● **Exercise description**
Every line from the one with "Welcome to your" through the last line below should be repeated exactly; pictures stay out of the copy.

Stored items from a collection

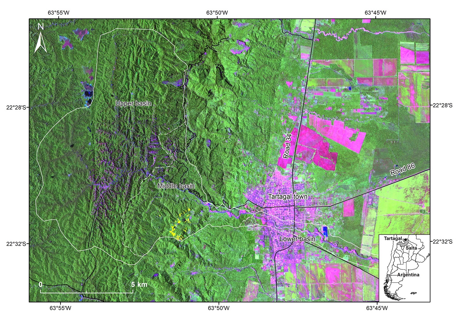 The Tartagal River basin is located in San Martin Department, Salta province, NW of Argentina. The river length is 19 km up to the bridge in the town of Tartagal. The basin covers almost 90 km2 and extends along an altitudinal range between 400 and 1,200 meters above sea level (m a.s.l.). The mean elevation is 730 m a.s.l. and the slope ranges between 0 and 84° around a mean of 12° . The upper and middle sub-basins occupy 62 and 21 km2, respectively, and altogether they represent more than 90% of total basin’s surface. The town of Tartagal is within the lower river basin at 500 m a.s.l. at the foot of the Sierras Subandinas (Fig. 1) and it had a population in 2010 of almost 80,000 inhabitants (http://www.indec.gob.ar) (Last visit 18/12/2020).
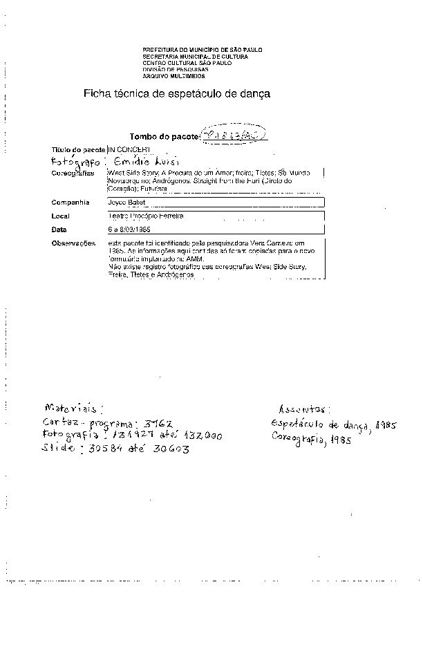 09/09/2021 by Centro Cultural São Paulo Leia Mais...Coreografia: West side story, A produra de um amor, Freira, Tietes, Sub-mundo novaiorquino, Andrógenos, Straight from the hart (Direto do coração), Futurista
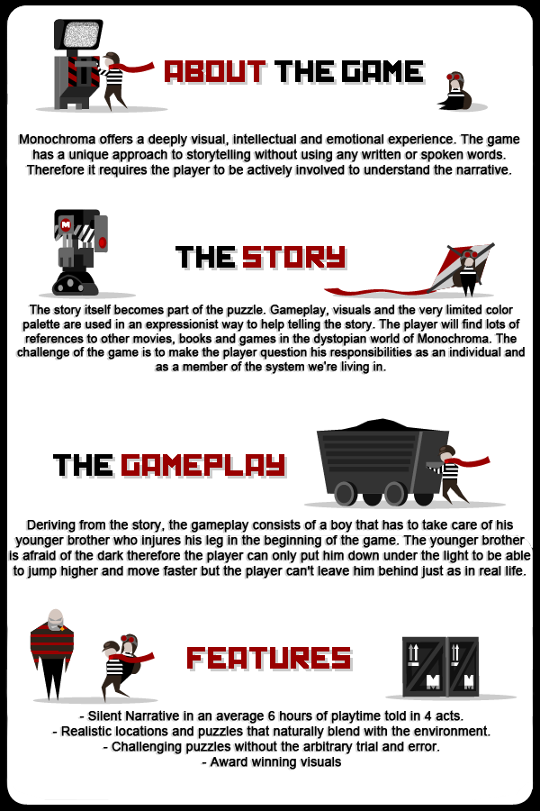《单色调》是一款质疑电子游戏意义的游戏。这款游戏可能会让玩家获得娱乐体验同时也能帮助他们进行社会交往。一款好游戏应该可以从情绪和智力上满足玩家的需求,让玩家们思考自己的人生,社会和国家系统,就像一部好电影给人带来的启示一样。 本作画风非常独特,用灰色和红色展现了一个世界,一对兄弟必须在这里解开各种谜题并闯关前进。 《单色调》点评6.8分 无色的兄弟之情 《单色调》大胆的使用了黑白画面构建了游戏的背景世界,可惜游戏性方面有些平庸。 2014-06-03 《单色调》剧情一览 生死逃亡6小时 Nowhere工作室放出了他们制作的解密游戏《单色调》的游戏视频和16张游戏截图。这款游戏设定在一个1950年的平行宇宙中,讲述了一个男孩和目睹邪恶集团犯罪的弟弟的故事 2014-05-29 兄弟情深《单色调》免安装中文版下载发布 下载地址:点击进入 【游戏封面】 游戏名称:单色调 英文名称:Monochroma 游戏类型:动作冒险(ACT)类 游戏制作:Nowhere Studios 游戏发行:Nowhere Studios 2014-05-29 风格迥异 另类解谜新作《单色调》登陆Steam 早前我们曾报道过反乌托邦解谜游戏《单色调》,这是一款由Nowhere工作室打造的风格奇异的独立游戏,近日工作室公布了一段游戏演示视频和一些新截图,一起来看看吧。 2014-05-27 《单色调》首发预告 风格奇诡的黑白世界 来自土耳其的独立开发团队Nowhere Studios公布了他们即将到来的电影化平台解谜游戏新作《单色调(Monochroma)》的预告片,效果非常引人注目。 游戏预告片: 故 2014-05-02 《单色调》主线流程视频攻略 第一章-郊区(1) 原帖:点击进入 第一章-郊区(1) 第一章-郊区(2) 第一章-郊区(2) 第二章-贫民区(1) 第二章-贫民区(1) 第二章-贫民区(2) 第二章 2014-06-04 标签:单色调|流程攻略|攻略 游民速攻组《单色调》流程图文攻略 第一章-郊区(1) 原帖:点击进入 基本操作 上下左右:↑↓←→ 跳跃:↑键 Ctrl:移动箱子、控制开关 个人感想: 这游戏比较特别,自带BGM的无声电 2014-05-31 标签:单色调|流程攻略|攻略
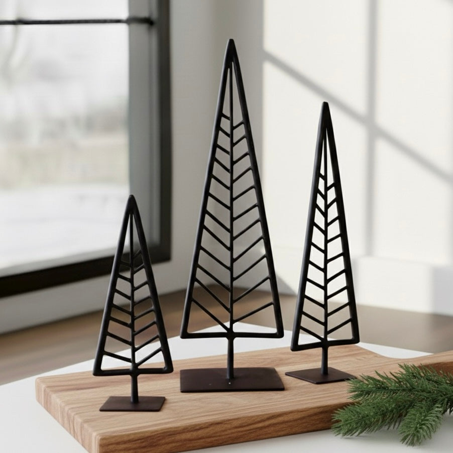 Open design, black metal tree. Adds height and a modern look to your Christmas display
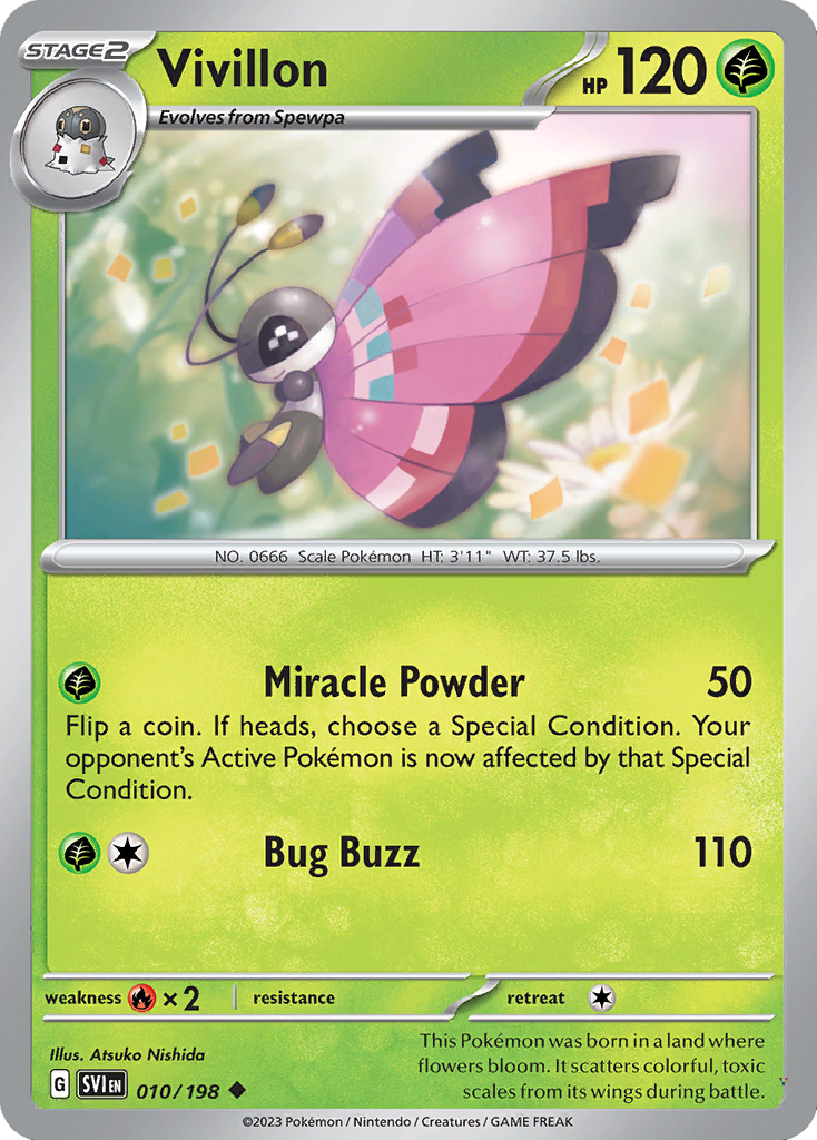 This Pokémon was born in a land where flowers bloom. It scatters colorful, toxic scales from its wings during battle.
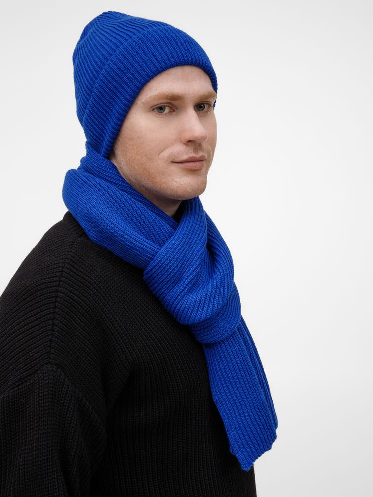 Удлиненный силуэт шапки Nobilis Mono из мягкой полушерстяной пряжи с широким отворотом создает стильный современный образ, а фактурная вязка добавляет объем и выразительность.
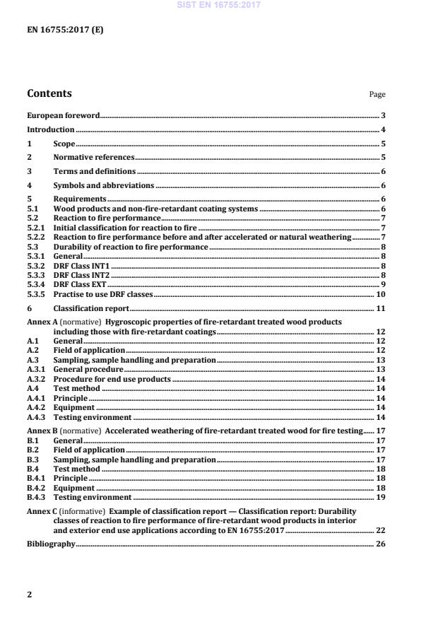 Accelerated weathering of fire-retardant treated wood for fire testing . 17 B.1 General . 17 B.2 Field of application . 17 B.3 Sampling, sample handling and preparation . 17 B.4 Test method . 18 B.4.1 Principle . 18 B.4.2 Equipment . 18 B.4.3 Testing environment . 19 Annex C (informative)
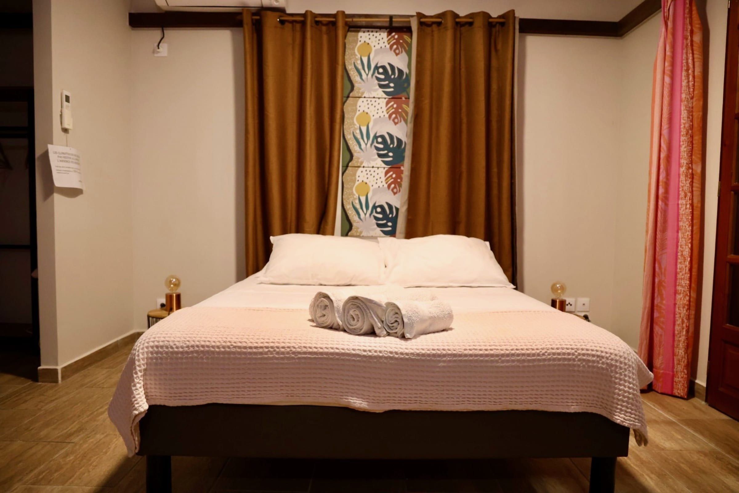 Welcome to your tropical cocoon in Sainte-Anne : The Orchyd & Ka Residence comprises 5 bungalows accommodating up to 16 people. Nestling in the heart of a superb exotic garden, Kaz Orchidée Oncidium promises you a peaceful and comfortable stay. This bright, refined 44 m² bungalow is ideal for two people, with a bedroom equipped with a 160 cm double bed and a modern bathroom with walk-in shower.
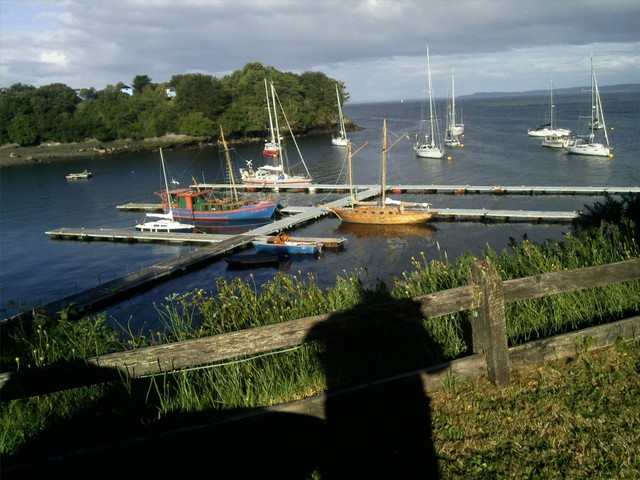 Amarrés (bien cher...) au ponton de la marina Quinched à 5km de Castro, île de Chiloé. Endroit magnifique mais on a encore dû batailler ferme toute le fin de journée (vent de face y clapot) après un départ dès potron-minet du Sud del'île où nous avions trouvé repos hier soir (Puerto San Pedro) après nos 360 milles depuis Caleta Connor au milieu du canal Messier.

● **Output**
 Welcome to your tropical cocoon in Sainte-Anne : The Orchyd & Ka Residence comprises 5 bungalows accommodating up to 16 people. Nestling in the heart of a superb exotic garden, Kaz Orchidée Oncidium promises you a peaceful and comfortable stay. This bright, refined 44 m² bungalow is ideal for two people, with a bedroom equipped with a 160 cm double bed and a modern bathroom with walk-in shower.
 Amarrés (bien cher...) au ponton de la marina Quinched à 5km de Castro, île de Chiloé. Endroit magnifique mais on a encore dû batailler ferme toute le fin de journée (vent de face y clapot) après un départ dès potron-minet du Sud del'île où nous avions trouvé repos hier soir (Puerto San Pedro) après nos 360 milles depuis Caleta Connor au milieu du canal Messier.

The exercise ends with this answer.